Досталось тощему Ванюшкину заду по первое число. И за озорство, и за глупость (ишь, чего удумал, щенок, красного петуха отцу подпустить!). Да и за кружевную тряпицу (не болтай с кем ни попадя!).
В общем, сек тятенька, пока розга в руке не сломалась. Вторую брать не стал. Поглядел на баловника, вздохнул тяжко и истово перекрестился на икону Богоматери Казанской.
– Оборони и наставь, Заступница…
– Трапезничать идите, мужички! – позвала опасливо матушка.
Отец Семен приобнял всхлипывающего сына за плечи, прижал к себе. Уже было поуспокоившийся Ванятка от тятенькиной ласки разнежился и снова залился белугой.
– Ну будет, будет ужо… – шмыгнул носом иерей, поднимая мальчика на руки.
Прошел к столу, уселся на лавку, не спуская ребенка с колен. Знал, что сидеть сынку на жестком дереве сейчас несподручно.
– Болит? – спросил участливо.
– О-ой, бо-олит… – загнусавил Ваня.
– А ты не балуй впредь. Не станешь?
– Не-эт!
– Bene.
Рука батюшки потянулась к штофу с анисовкой. Налил рюмочку.
– Спаси, Господи!
Откушал.
Тут же налил и вторую, теперь не забыв наполнить другую рюмку – для супруги. Правда, не водкой, а сладкой наливочкой.
На столе появилась огромная посудина с горячими щами.
– Кланяюсь тебе, батька, виновником! – пропела попадья, протягивая иерею глиняную дымящуюся миску.
Из нее торчала жирная петушиная нога.
– Bene! – кивнул священник, берясь за ложку.
Горло Вани перехватило, в носу защипало.
– Пе-этя!
И слезы ручьем из обоих глаз. Сердобольная сестрица кинулась было утешать младшенького, но тятя сурово глянул на нее – не балуй.
В двери громко и требовательно постучали.
– Кого еще там нелегкая на ночь глядючи несет? – недовольно окрысился отец Семен и обратился к дочери: – Поди глянь.
Девочка белкой метнулась в сени. Там долго возилась с щеколдой. Потом о чем-то с кем-то негромко перемолвилась. Вскрикнула, всплеснула руками.
Иерей насторожился.
Его тревога усилилась, когда он увидел, что порог горницы переступил совершенно незнакомый человек, одетый в ливрею с галунами.

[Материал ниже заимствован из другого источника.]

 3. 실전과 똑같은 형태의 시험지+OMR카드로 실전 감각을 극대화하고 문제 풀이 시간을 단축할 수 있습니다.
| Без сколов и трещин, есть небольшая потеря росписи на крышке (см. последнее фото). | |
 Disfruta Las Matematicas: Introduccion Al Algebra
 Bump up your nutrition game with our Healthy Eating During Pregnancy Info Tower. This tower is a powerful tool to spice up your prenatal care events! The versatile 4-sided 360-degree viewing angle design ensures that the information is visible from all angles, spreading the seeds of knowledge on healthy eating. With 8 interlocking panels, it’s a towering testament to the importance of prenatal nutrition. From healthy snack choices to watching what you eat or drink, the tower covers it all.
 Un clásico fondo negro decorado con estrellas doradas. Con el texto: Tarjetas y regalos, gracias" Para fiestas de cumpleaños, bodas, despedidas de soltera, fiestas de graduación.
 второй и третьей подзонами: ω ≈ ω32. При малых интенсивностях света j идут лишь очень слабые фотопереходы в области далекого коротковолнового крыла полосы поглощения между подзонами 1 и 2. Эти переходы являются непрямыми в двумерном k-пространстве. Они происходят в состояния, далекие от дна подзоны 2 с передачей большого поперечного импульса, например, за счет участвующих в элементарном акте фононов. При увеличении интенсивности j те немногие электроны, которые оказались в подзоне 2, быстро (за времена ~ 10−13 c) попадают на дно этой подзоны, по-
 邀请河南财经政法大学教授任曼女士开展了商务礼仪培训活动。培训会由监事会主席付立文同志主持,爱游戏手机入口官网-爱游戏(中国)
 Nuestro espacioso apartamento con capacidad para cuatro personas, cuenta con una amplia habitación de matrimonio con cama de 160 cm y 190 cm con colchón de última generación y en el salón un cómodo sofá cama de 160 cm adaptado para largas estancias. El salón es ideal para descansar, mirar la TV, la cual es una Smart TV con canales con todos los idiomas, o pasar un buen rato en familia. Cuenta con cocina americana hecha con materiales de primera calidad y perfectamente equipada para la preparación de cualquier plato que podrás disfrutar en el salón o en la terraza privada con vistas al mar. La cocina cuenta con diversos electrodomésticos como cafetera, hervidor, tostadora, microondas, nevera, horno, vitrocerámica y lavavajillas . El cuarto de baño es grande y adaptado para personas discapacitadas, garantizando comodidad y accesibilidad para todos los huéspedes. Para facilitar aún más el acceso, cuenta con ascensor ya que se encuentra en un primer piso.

А Ванятка узнал служителя – рябого старика.
В руках у гостя было что-то большое, продолговатое и прикрытое платом.
Пришелец низко поклонился хозяину, поднявшемуся ему навстречу.

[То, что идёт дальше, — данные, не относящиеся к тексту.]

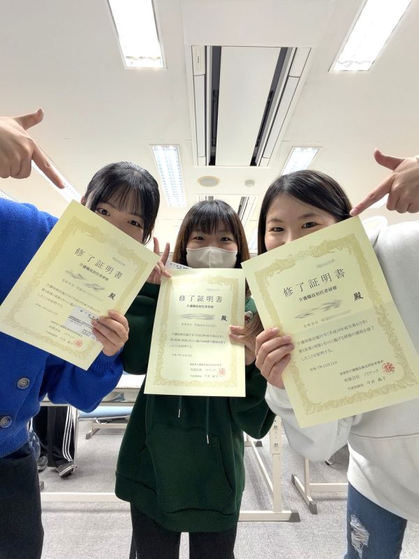 1年生が取り組んできた介護職員初任者研修が、このたび無事に修了しました!✨
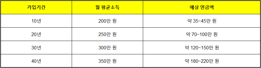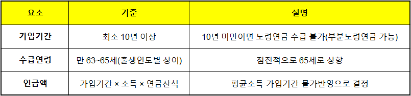 - ⏱ 가입기간 10년 이상 → 노령연금 수령 가능
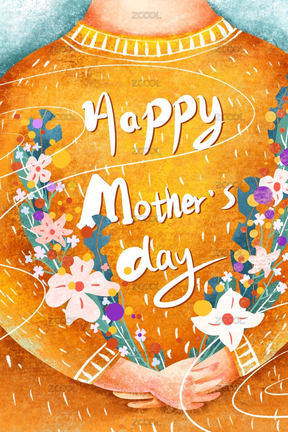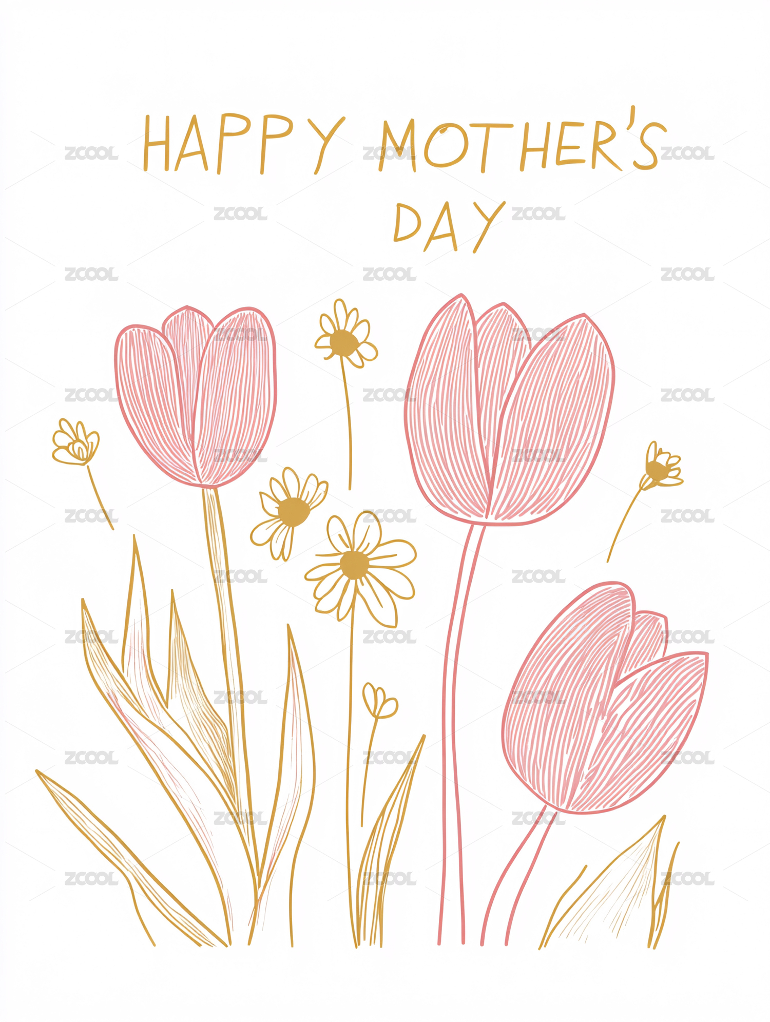 母亲节,花卉,插画,花朵,叶子,装饰,节日,祝福,文艺,清新
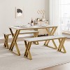 Dining Table Set for 4 with 2 Benches, X-Shaped Sturdy Metal Frame Design
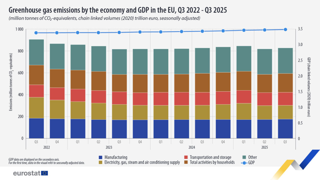 As emissões de gases de efeito estufa (GEE) da economia da União Europeia (UE) registaram um aumento de 1,1% no terceiro trimestre de 2025, totalizando 828 milhões de toneladas de CO2 equivalente (CO2-eq), em comparação com os 819 milhões de toneladas de CO2-eq do trimestre anterior.
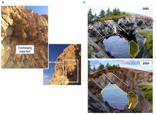 Examples of natural structures whose stability is controlled by the presence of rock bridges: (a) Masada fortress, Israel; and (b) Berry Head Arch, Canada, in 2002 and more recently in 2020.
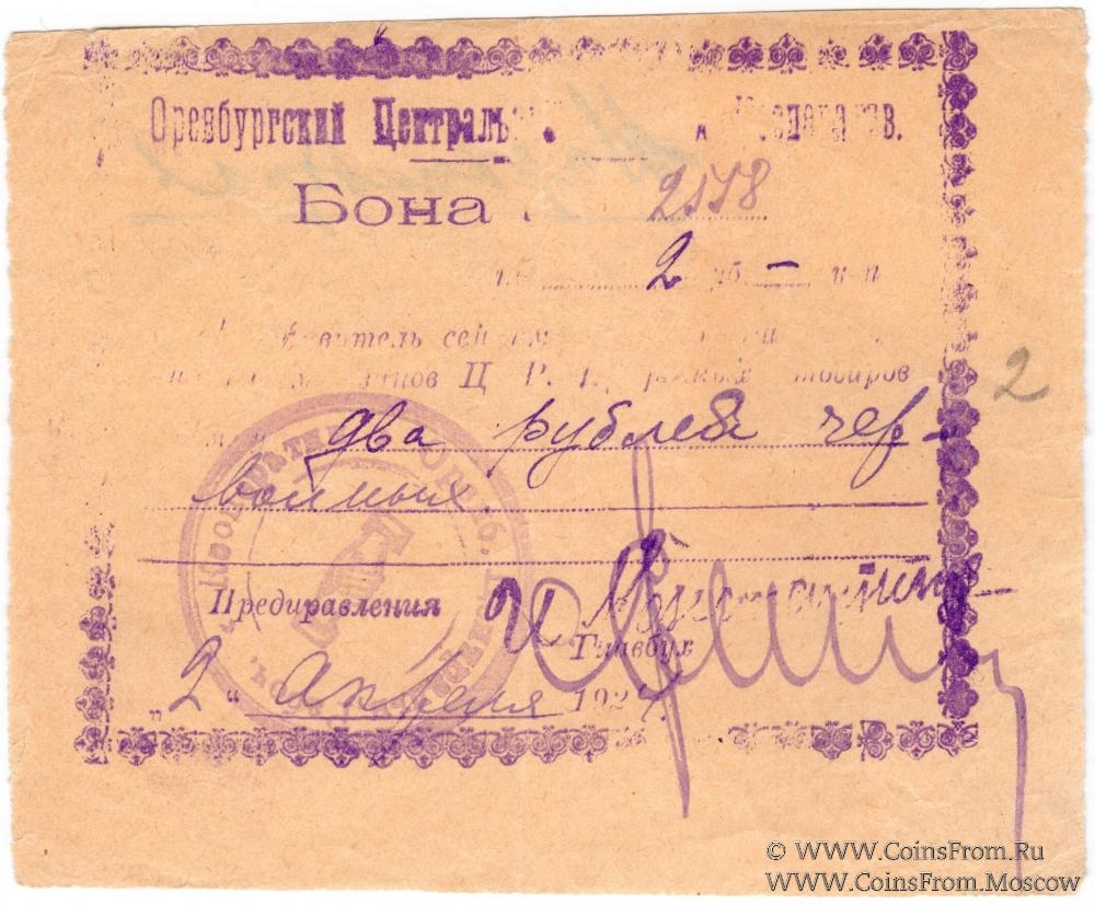 Бона 1923-1924 гг. Бумага жёлтая. Дата: "2 апреля 1924 г". Оренбургский Центральный Рабочий Кооператив.
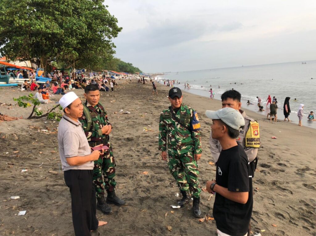 Di tengah tawa keluarga, riuh anak-anak bermain di pesisir, hingga warga yang saling bersilaturahmi, para petugas tampak sigap berpatroli, mengawasi situasi, sekaligus memberikan imbauan humanis kepada pengunjung. ” Dengan Pendekatan persuasif ini menciptakan suasana yang tidak hanya aman, tetapi juga nyaman dan bersahabat,” ujar Serka Kurnain.
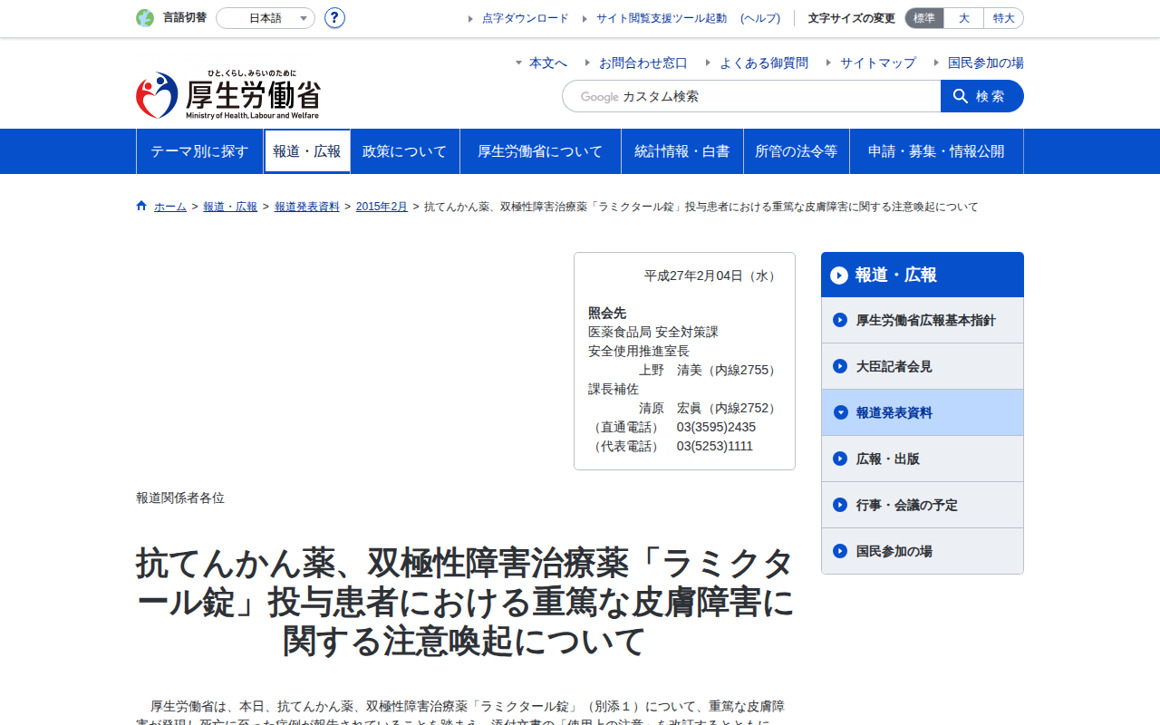 www.mhlw.go.jp/stf/houdou/0000073061.htmlのウェブアーカイブ(魚拓)です。 元のページが削除されても、保存されたスクリーンショットとHTMLで内容を確認できます。
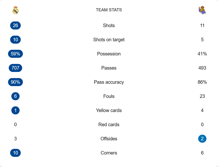 เรอัล มาดริด ครองเกมได้อย่างชัดเจนด้วยการยิง 26 ครั้ง โดยเข้ากรอบ 10 ครั้ง ขณะที่ เรอัล โซเซียดาด มีโอกาสยิงเพียง 11 ครั้ง โดยเข้ากรอบ 5 ครั้ง ทั้งสองทีมต่างสร้างโอกาสได้อย่างน่าประทับใจ แต่ความแม่นยำและความดุดันของ เรอัล มาดริด ที่มากกว่า ทำให้พวกเขาสามารถคว้าชัยไปได้ในที่สุด
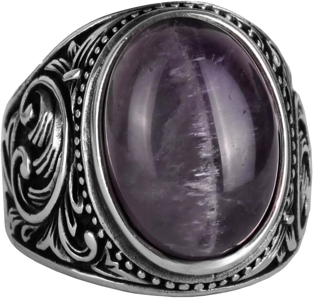 El Yapımı Doğal Ametist Taş Yüzük - Spiritüel 925 Ayar Katı Gümüş Erkek Yüzük - Sezgi ve Koruma Tasarımı

– Что за нужда, батюшка, привела тебя в дом смиренного слуги Господня?
– Имейте покушений, – с тем же, что и у давешнего Ваниного знакомца чужеземным акцентом, молвил лакей.
– Слушаю, кормилец, – принял важный вид отец Семен.

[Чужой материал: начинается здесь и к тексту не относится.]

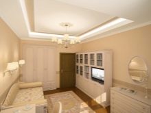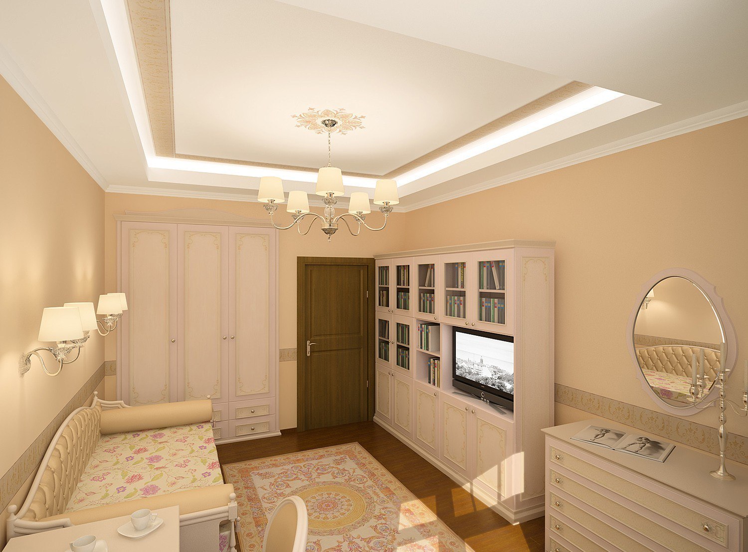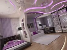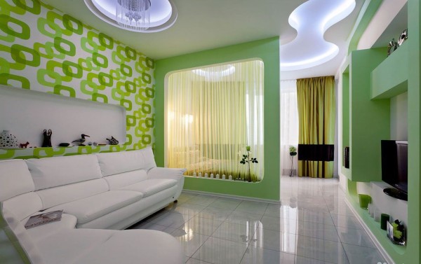 Pour le plafond, il est préférable d'utiliser du blanc ou de l'ivoire. Pour les pièces avec une hauteur de plafond standard, il convient de refuser les formes complexes et les baisses de niveau. La surface du plafond doit être plane et lisse, sans irrégularités, éclats et affaissement. Les défauts et les défauts du plafond sont très bien visibles, et l'éclairage artificiel ne fera que les souligner davantage. Si la pièce présente de grandes différences dans les joints des plaques, il est préférable de fermer le plafond avec des plaques de plâtre. Une autre solution belle et pratique serait un plafond tendu blanc brillant. Cela rendra visuellement la hauteur de la pièce plus grande, l’espace est plus clair. Il est facile à maintenir et à l'épreuve du feu.
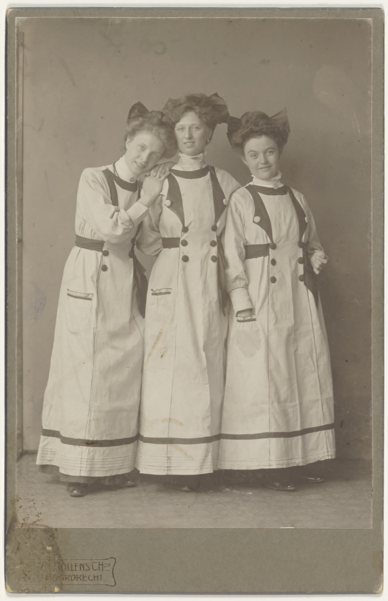 Personeel van de Victoria-fabriek in bedrijfskleing.
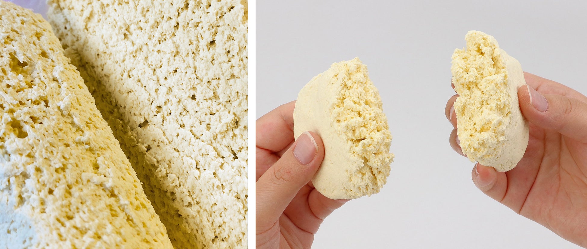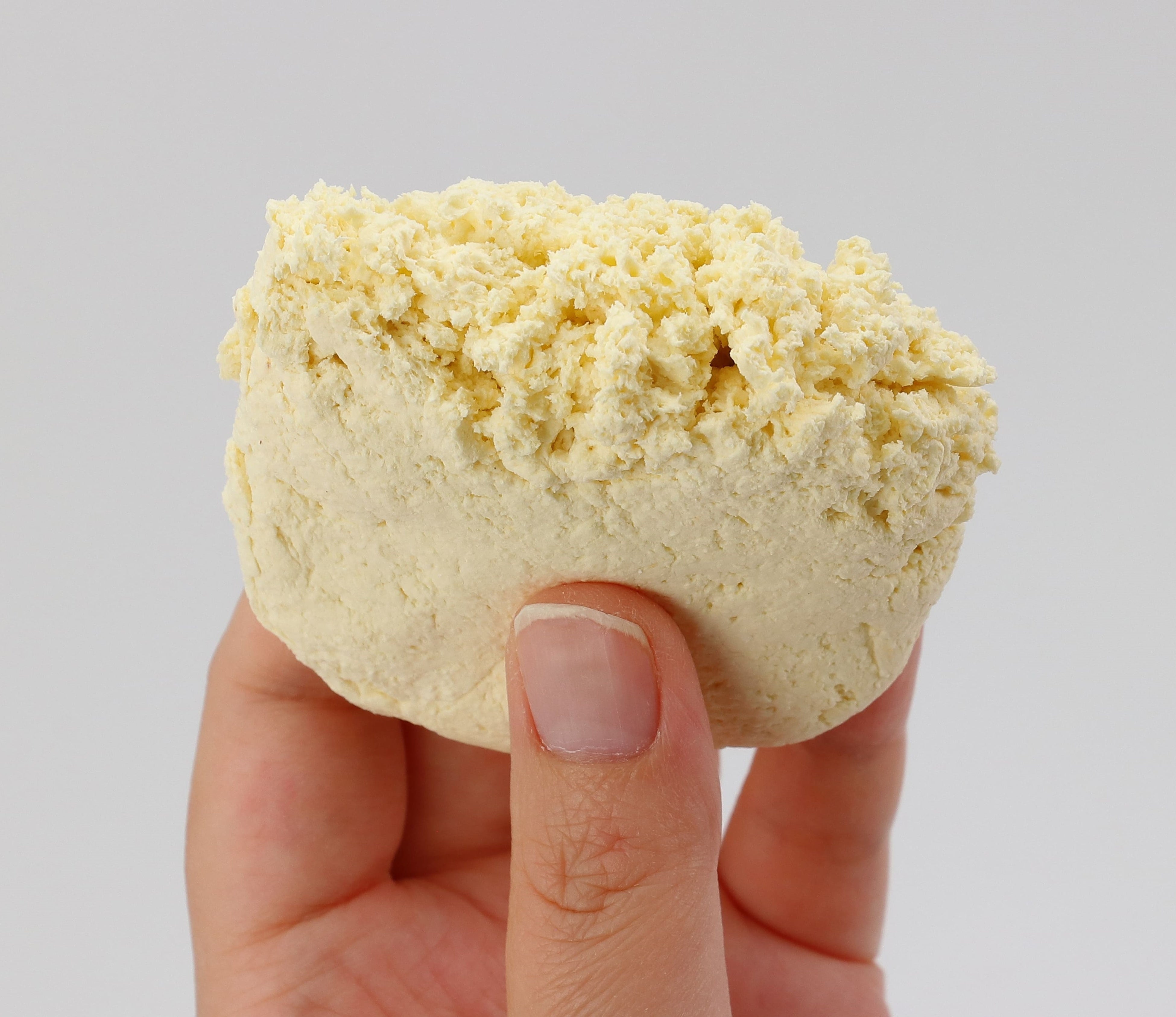 バニラミルク色の優しい色味付きで、カットすればスポンジケーキのような断面が出来上がります。

– Хочу сакасайт саупокойный месса о секодня умерший…
– Панихиду, – поправил иерей, а про себя сплюнул: вот немчура поганая.
– О, иес, паникида, – обрадовался гость.
– И каково имя новопреставленного? – взял перо в руки священник.
– Его сиятельство граф и кавалер, фельтмаршаль Якоб Виллем Брюс! – отчеканил лакей.
– Охти, Господи! – Перо выпало из иерейской длани. – Так он же, кажись, еще год назад как переставился?! Про то и указ был…
– Ноу! – покачал головой слуга. – Три шаса насайт.
– В Петербурхе? – удивился отец Семен. – Не в первопрестольной? Там ведь вроде проживать изволили?..
И осекся, поймав суровый взгляд лакея.
– Да-да, – закивал поп, быстренько крестясь. – Царствие небесное, царствие небесное!
А Ваня подумал: «И когда ж это худосочный помереть успел? Намедни виделись-то. Такой крепкий дед».
– И еще один маленький порушений… – продолжил гость.
Он поставил на стол свою ношу и сдернул с нее плат.
Под покровом оказалась большая клетка, в которой сидел нахохлившийся черный ворон. Завидев людей, он щелкнул клювом и проскрипел:
– Поздор-рову ли будете?
– Свят, свят, свят, – запричитала попадья.
– Это Прохор, любимец его сиятельства, – пояснил лакей. – Фельтмаршаль просиль, штоб ваш мальтшик присматривайт за птица. Он ошень-ошень ученый.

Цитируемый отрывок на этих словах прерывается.